In an article published in the Harvard Business Review in July/August 1999, the leadership guru and the author of the best-selling book Good to Great, Jim Collins, wrote about something he termed as catalytic mechanisms. Catalytic mechanisms are mechanisms used in organizations to create a compelling alignment between a business and its strategy to differentiate itself.

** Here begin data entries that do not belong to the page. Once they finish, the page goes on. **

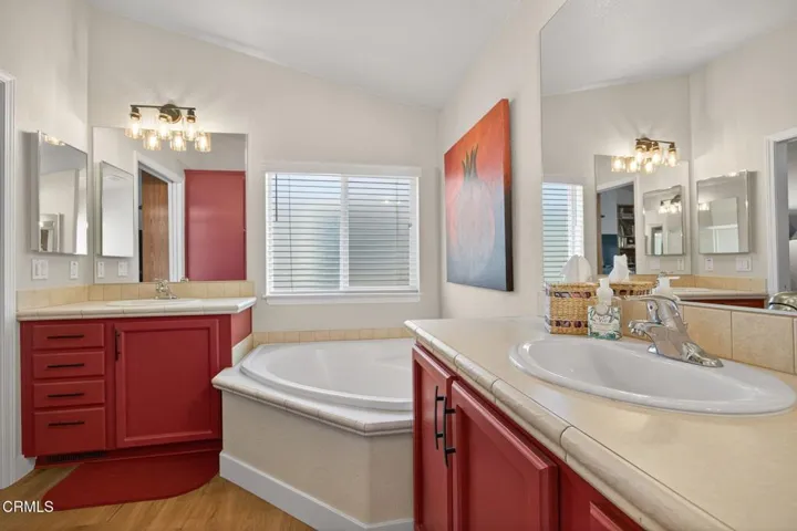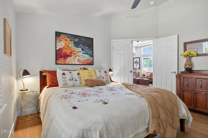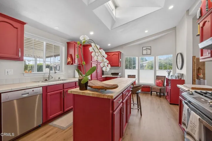 WOW!! Coastal living at it’s finest. Situated on a quiet, corner near the back of one of Ventura’s most desirable 55+ communities adjacent to the Ventura Harbor, this home is a gorgeous retreat and has it all. The current owner has recently spared no expense and has meticulously updated and thoughtfully curated this spacious and bright home. Welcoming you home is the serene front porch, situated on a corner, looking towards the hillside, where you will view palm tree skies and glorious sunsets. Once inside, enjoy the light filled, spacious rooms with high, vaulted ceilings, lots of windows. Centered around a beautiful gas fireplace is the living area which flows nicely into the formal dining area and kitchen. The bright and open kitchen features an extended custom island with seating, additional recessed lighting, skylights, newer appliances and a cozy breakfast area perfect for everyday living and entertaining. The primary bedroom, bathroom and closets are more than generous in size and invite relaxation. There is a bonus room off a newly expanded hallway that is currently used as an additional guest room which also has access to the peaceful yard. The additional guest bedroom and bath are also nicely sized. Numerous, recent upgrades include luxury vinyl plank flooring throughout, new light fixtures, custom window coverings, ceiling fans, canned lighting in the living room and kitchen, an instant hot water heater and painting both inside and out. The roof has recently been replaced and two solar tubes were added as well as rain gutters. Enjoy the outdoor spaces that are ample, private and low maintenance with high end artificial turf, outdoor lighting and tasteful design. Ventura Marina community is amazing and offers an abundance of resort style amenities. Enjoy a heated pool and spa, gym, extra large clubhouse with stage and resort style kitchen. A gathering room with a with fireplace, view of the lake, billiards, card room, library and even a car wash area. There are many community events year around. Just steps away is the Ventura Harbor and beaches with dining, entertainment, boating, walking paths, shopping, etc. Home doesn’t get much better than this for coastal living. Come see this slice of paradise for yourself and make it your home!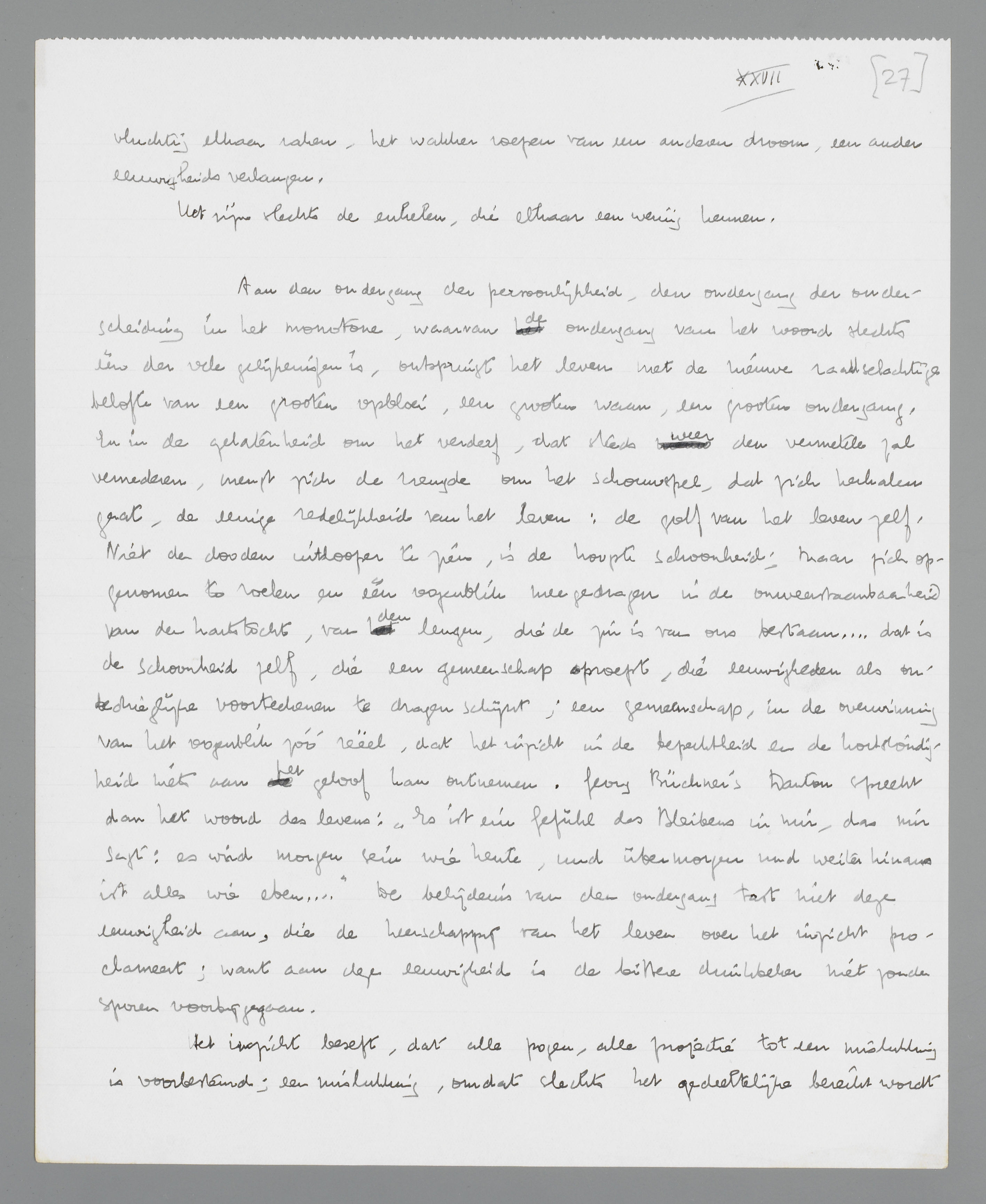 Aan den ondergang der persoonlijkheid, den ondergang der onderscheiding in het monotone, waarvan de ondergang van het woord slechts één der vele gelijkenissen is, ontspringt het leven met de nieuwe raadselachtige belofte van een grooten opbloei, een grooten waan, een grooten ondergang. En in de gelatenheid om het verderf, dat steeds weer den vermetele zal vernederen, mengt zich de vreugde om het schouwspel, dat zich herhalen gaat, de eenige redelijkheid van het leven: de golf van het leven zelf. Niet den dooden uitlooper te zien is de hoogste vervulling; maar zich opgenomen te voelen en één oogenblik meegesleurd in den onweerstaanbaren hartstocht, van den droom, die de zin is van ons bestaan... dat is de schoonheid, die een gemeenschap oproept, die eeuwigheden als onbe-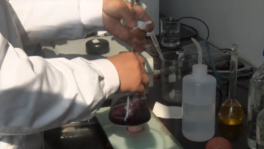 水質(zhì)監(jiān)測人員正在對當(dāng)天生產(chǎn)的飲用水做水質(zhì)檢測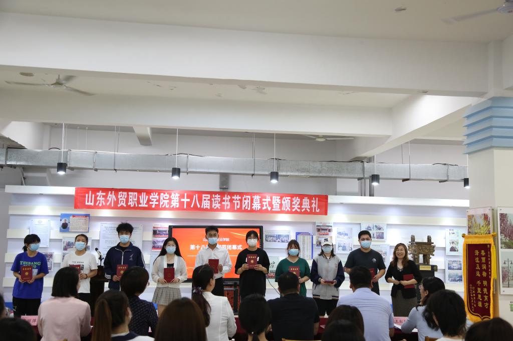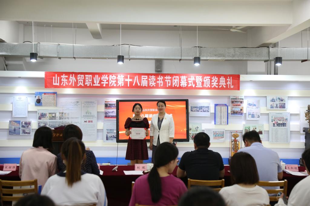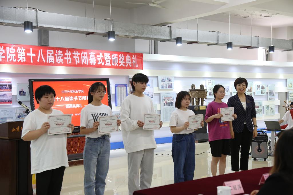 图书馆阅读推广部负责人孙晓凤宣读了本届读书节活动的获奖人员名单,出席闭幕式的领导和嘉宾为部分竞赛活动获奖者和阅读之星颁发获奖证书,“阅读之星”代表、国际贸易系学生李国柱在现场分享了他的阅读经历和感受。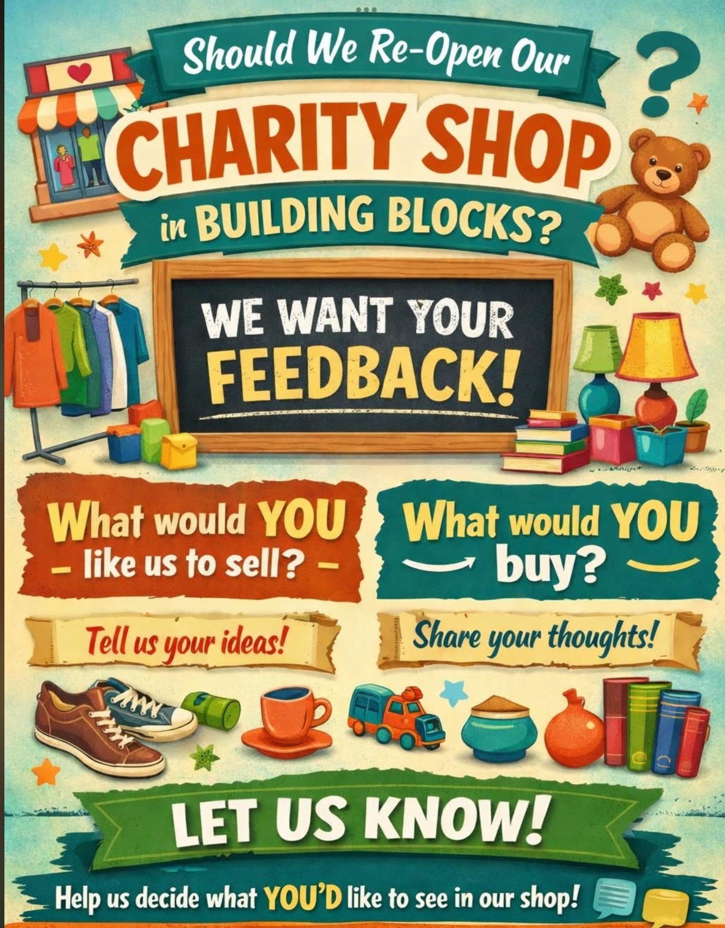 Building Blocks are looking at the possibility of reopening the charity shop but want to hear from you.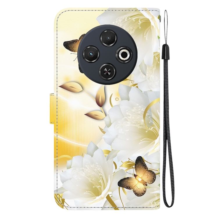Funda de Cuero para Tecno Spark 30C con Dibujo de Colores y Textura de Cristal (Mariposa Dorada Epiphyllum)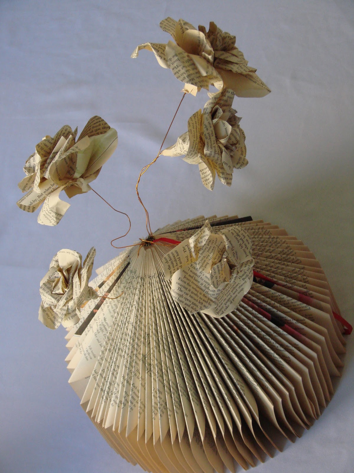 By now I think you have noticed that I like creating things out of old books, rather than reading them :-) so here is another idea for you for those old books lying around the house. It's a perfect center piece for your book-club dinner!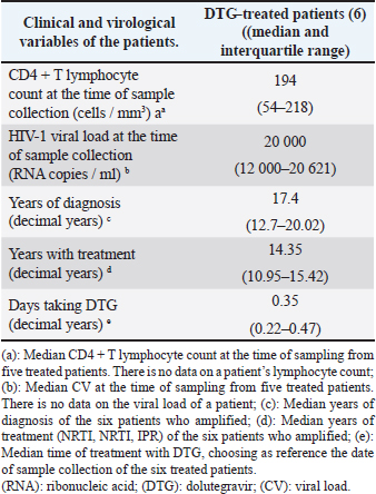 Patients who had been treated with DTG at the beginning of this studyThe genotypic test of resistance to integrase inhibitors carried out on the plasma samples collected before initiating DTG treatment from the six patients already receiving the antiretroviral showed that the amplified viruses were sensitive to the family of integrase inhibitors. In this group of patients, the time under treatment with DTG was very short (from 18 days to 6 months, with the exception of one patient who received it for 2 years) (Table 2), so the variable time of treatment with the ARV was not used in testing. These patients started the study with low CD4+ values and high VL values. The median years of HIV-1 infection and treatment with NRTI, NNRTI, or PI were 17.4 and 14.35 years, respectively (Table 3). Four patients (4/6; 66.7%) carried viruses with mutations that confer resistance to integrase inhibitors (Table 4); three of them with high resistance to the four integrase inhibitors; and one with high resistance to ELV and RAL, and low to DTG and BIC (Table 4). The patient, who was only treated with DTG for 18 days when the sample was received in our laboratory, had previously been treated with RAL. The remaining three treated patients received the drug at a dose of 50 mg/day. Table 3. Clinical characteristics of patients treated with DTG at treated with DTG at baseline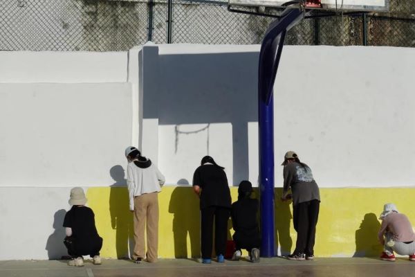 7月7日,在墙绘工作之余,突击队还对周边群众做出采访,积极听取当地民众的意见,其中,一群常在篮球场进行娱乐的小朋友们表示:“希望他们的篮球场能够色彩更丰富,更有生机。”同时还表达了想参与到此次墙绘活动中的意愿。在相互交谈中,突击队增进了与村民之间的感情,也感受到了这次活动所带来的价值,更激发了成员们的斗志,大家都希望通过自己的努力为当地村民以及小朋友们的生活中多增添一份色彩。在突击队队长李素莹的带领下,项目稳步进行。路虽远,行则将至;事虽难,做则必成。习近平总书记指出:“新征程是充满光荣和梦想的远征,没有捷径,唯有实干。”历史不会辜负实干者,青昭阳和实践队始终谨记这一点,用实际行动渲染青春,用脚踏实地追逐未来。

In simple terms, catalytic mechanisms help organizations to set themselves apart by doing the unexpected. These mechanisms are very different from other tools:
- They are very easy to understand for staff and customers
- They get embedded in organizational practice
- They are powerful and attention-grabbing
- They force the organization to focus on what matters
Catalytic mechanisms come into play when senior management wants a significant change in the way the organization behaves either within the organization itself or with customers or other stakeholders. They work because the organization is compelled to do the right thing even when the going gets tough. Managers cannot override these mechanisms because these are strongly embedded in company policy.
The simplicity means that one catalytic mechanism can replace a complete suite of processes, practices, policies and controls.
Show me some examples!
Enough of the preamble! What are some examples of catalytic mechanisms?
An example quoted by Jim Collins himself is the company called Granite Rock who used a “short pay” mechanism to enhance customer service and overall business. Under this scheme, any customer is entitled to deduct a certain amount from Granite Rock’s invoice for any element of the service they are not happy with. This daring and somewhat “risky” but simple mechanism ensures that everyone in Granite Rock is committed to customer service and enables a service culture that no amount of training could ever achieve.
Another example is Jim Collins’ own consulting business. His consulting business has a rule to spend no more than 10 days a year with any one customer, thus enabling a focus on higher-value work and reduced dependence on any one client.
Yet another example is the McKinsey company with its “Up or Out” rule. This compels the organization to ensure time-servers are edged out and replaced with new more ambitious talent.
An example from the small business marketing automation company Infusionsoft – now called Keap – when it was trying to expand its client base during its early years was the “Double Your Sales or Your Subscription Back” offer. Infusionsoft dedicated a success manager to every such subscription to ensure clients were able to get maximum benefit. This did actually get Infusionsoft a lot of new clients at the time although they had some difficulties later on with this scheme.
The world famous 3M company urges its scientists to allocate at least 15% of their time researching innovation and invention in an area of their own choice. This has created a large number of new inventions.